Friday, June 26, 2009

How I Met Your Father

I've been watching a lot of How I Met Your Mother these days, which is totally messing with me. The show is adorable, and Jason Segel obviously needs to move to Canada to date me: both Marshall Erikson on HIMYM and Nick Andopolis from Freaks and Geeks are totally sweet, funny, tall dudes. That's the way (uh-huh, uh-huh) I like 'em. He just seems so genuine, you know? I know he's an actor and it's likely he's a huge turd with a gigantic ego, but I'm sold on the characters he plays. Cute, with a side of awesome.

Ahem. This wasn't supposed to turn into a love letter to Jason Segel. Apologies all around. No, the reason I mention HIMYM is because the show is totally obsessed with marriage, and it's weirding me out.

Look, I love marriage. Granted, since I'm friends mostly with broke people, I've yet to attend an actual fancy-person wedding (caterers, photographers, cake, parents, etc.), but the institution, I'm on-side with. You know how it was trendy for a while to be all snorty and derisive when the topic of marriage came up? People would say things like, "I know we're in love, man, so why do I need a piece of paper to say that?" as they walked barefoot along the dirty sidewalk, holding their dreadlocked beloved by the hand.

Those words always felt a little fake in my mouth, since I actually do believe in marriage. While it's totally square to admit an interest in nuptial ceremonies, I've been known to peruse a bridal magazine or two. I'm not going to lie - usually I'm just looking for really pretty dresses. But it's not something that I'm going to reject out of hand as being some patriarchal convention designed to subjugate women and reinforce the capitalist world, man.

You know how people are always spouting about how half of all marriages ending in divorce? Think again, chumps. Turns out, that number goes way down if you adjust for things like undergrad degrees, age, and how long you wait before getting knocked up (as a couple, of course, even though coupled guys who say "we're" pregnant need a swift kick in the babymaker). Backwater teenagers who get married in a maternity gown? Probably not going to be celebrating that tenth anniversary. Quel surprise.

Marriage, these days, is presented as some ball-and-chair setup that means the loss of youth, privacy and the slow strangulation of a healthy sex drive. Some nosy wife is always shrewing at some balding husband, while a gaggle of children - a product of boring, tired, infrequent sex - soaks up the retirement fund in the form of plastic children's toys.
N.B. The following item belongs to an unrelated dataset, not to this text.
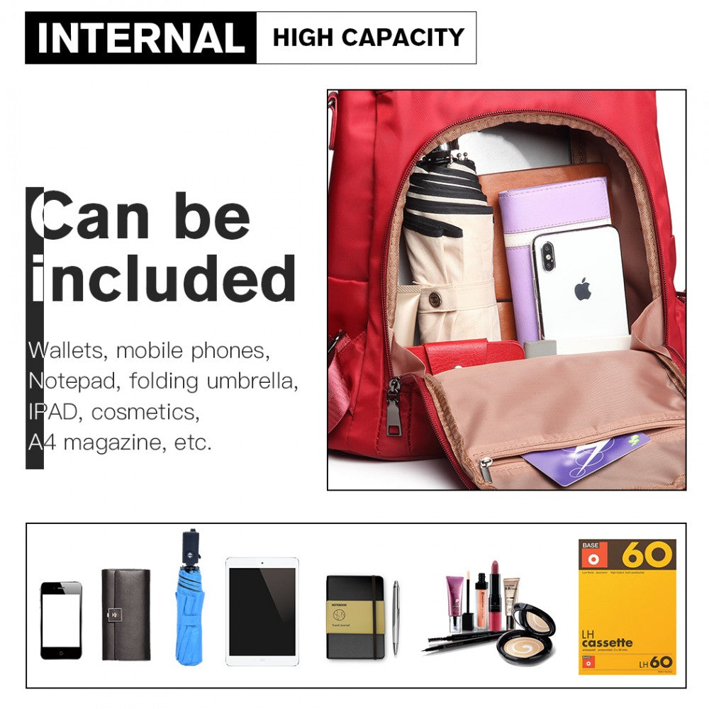 Miss Lulu Two Way Backpack Shoulder Bag With Pom Pom Pendant - Red

I'm sure some people honestly feel that way, and those folks shouldn't get married.

But for the rest of us: what's so bad about love and support? What's the problem with a friend you get to have sex with? Someone to feed you soup when you have the flu, someone to be a cheerleader, a person who will still like you even if you fuck it up? I'm not talking about l-o-v-e here. I think it's way more important that you actually like the person you end up pledging your troth to. Yeah, sure, communication and respect are important too...but isn't awesome when a couple has been married for thirty years and they can still make each other laugh so hard they cry? That goes way beyond love, man.
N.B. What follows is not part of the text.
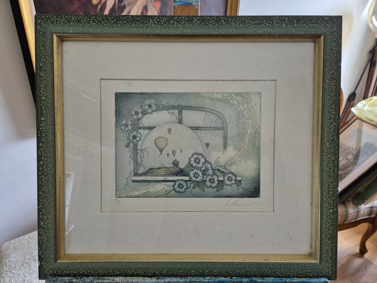 Willy Schneppenhorst (XX) Farbradierung Luftballons und Fensterblick
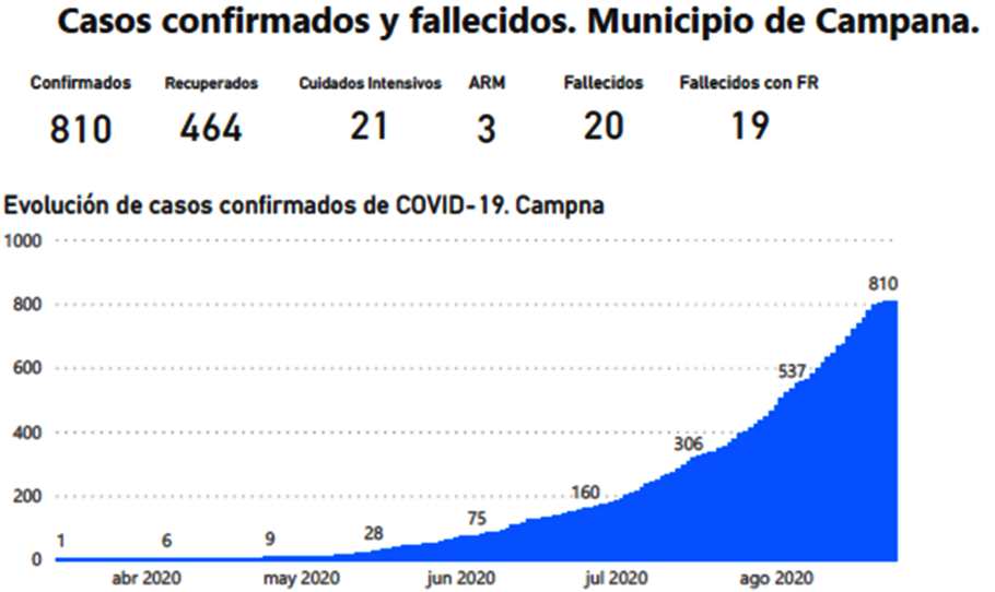 Hoy, el Municipio de Campana informó de 788 Casos Positivos de Coronavirus y 23 Fallecidos, conforme su Informe Oficial.

Getting back to television: HIMYM is lying to me. It's presenting this world where awesome, adorable, sweet dudes are totally into the idea of marriage. This is SUCH a LIE. Most of the awesome, adorable sweet dudes I know are properly girded with girlfriends, but nary a one popped the question. It seems like guys who are well into their thirties are the only ones getting down on bended knee. Ryan Reynolds married ScarJo, who is a full ten years his junior. (Sidebar: is anyone else having a hard time figuring out what those two talk about? I mean, they're both hot, but he seems funny and charming, and she seems...not.) It seems obvious that my mid-twenties brethren are still lapping at the Fountain of Youth, from which an eternal spring of take-out pizza and joints flows.

I'm not hating on any of the following: take-out pizza, joints, guys in their twenties, guys in their thirties, How I Met Your Mother, or Ryan Reynolds. (Scarlett? Meh.) But I am saying is that show has created this optimistic world where cute, rumply-haired architects just want to fall in love and get married. Is this the world I live in? Maybe I need to move to a different city. Because, frankly, with my smarts, wit, and breasts? I'm an excellent catch. Ryan Reynolds, I am, like, right here.

Television is fantasy. It's not supposed to be realistic, and hey, if it makes single girls feel like maybe there's an attractive sportscaster waiting just around the corner, what's the harm? This show introduced the slap bet to the world; it's not exactly reality TV. However, when television is good - and this is good TV - it feels real. Seinfeld, even though it devolved into lunacy very quickly, always felt real. Friends felt real. How I Met Your Mother also feels real; it feels like, even though the show is using actors and props and scripts and all that phony blah-blah, it still hits in a place that uses the real...which makes it successful...which makes me a little mad at it, for the he's-right-around-the-corner trip it lays on its audience.

Damn. So meta! What would Barney Stinson do?